A follow-up to my two posts last week on Wisconsin chief justice Shirley Abrahamson’s lawsuit to prevent a voter-adopted referendum from displacing her as chief justice (while leaving her as an associate justice):
Abrahamson filed a verified complaint—that is, a complaint accompanied by her verification “under penalty of perjury” that she (1) “reviewed the foregoing complaint”; (2) believes “the allegations [as] to which [she has] personal knowledge … to be true”; and (3) as to the allegations to which she does not have personal knowledge, “believe[s] them to be true based on information obtained by my counsel.” (See the 17th page of the linked complaint for her verification.)
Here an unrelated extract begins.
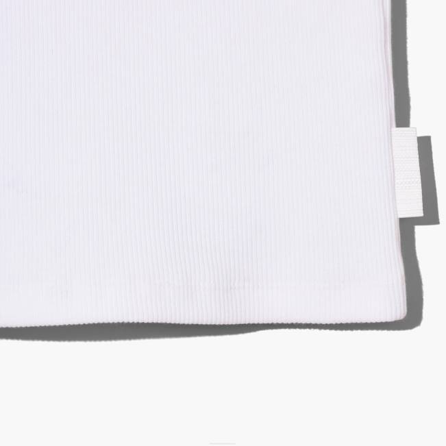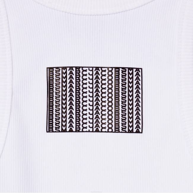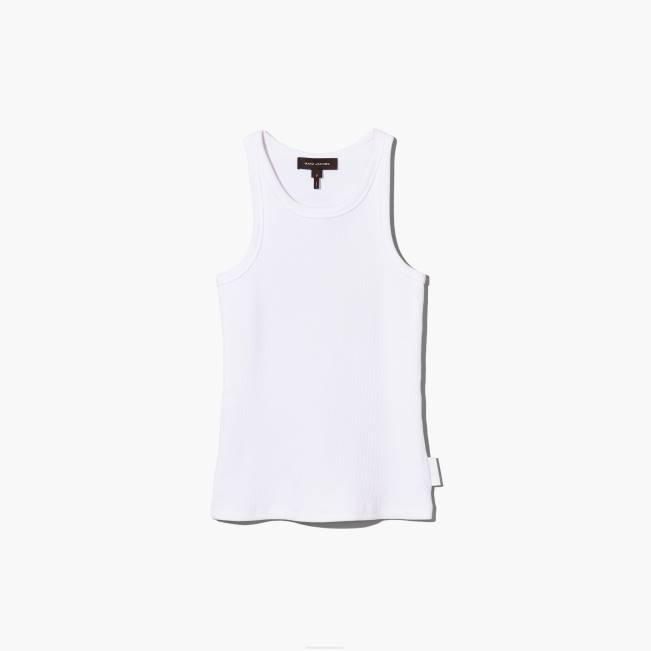 ה-mj טוויסט על מיכל צלעות המתיחה החיוניים. חתוך עם צוואר גבוה, צללית תער, וסיים עם תיקון ברקוד מונוגרמה ניגודיות מאחור. shop marc jacobs the icon rib tank

The notary public’s certification states that Abrahamson executed her verification on April 6, 2015.
Unfortunately for Abrahamson, the vote on the referendum took place the following day, April 7. Thus, Abrahamson’s statement under penalty of perjury on April 6 that “On April 7, 2015, voters approved” the referendum could not have been true at the time she made it. Further, Abrahamson surely knew the statement was not true. Ditto for all of her other statements in her verification that treat the election as something that had already occurred and the referendum as having been approved.
It is no small thing for anyone—much less a judge—to “declare under penalty of perjury” something that is not true. (That her counsel may have told her that the complaint would be filed only if the referendum was adopted does not alter the fact that what she declared “under penalty of perjury” was not true at the time that she made the declaration.)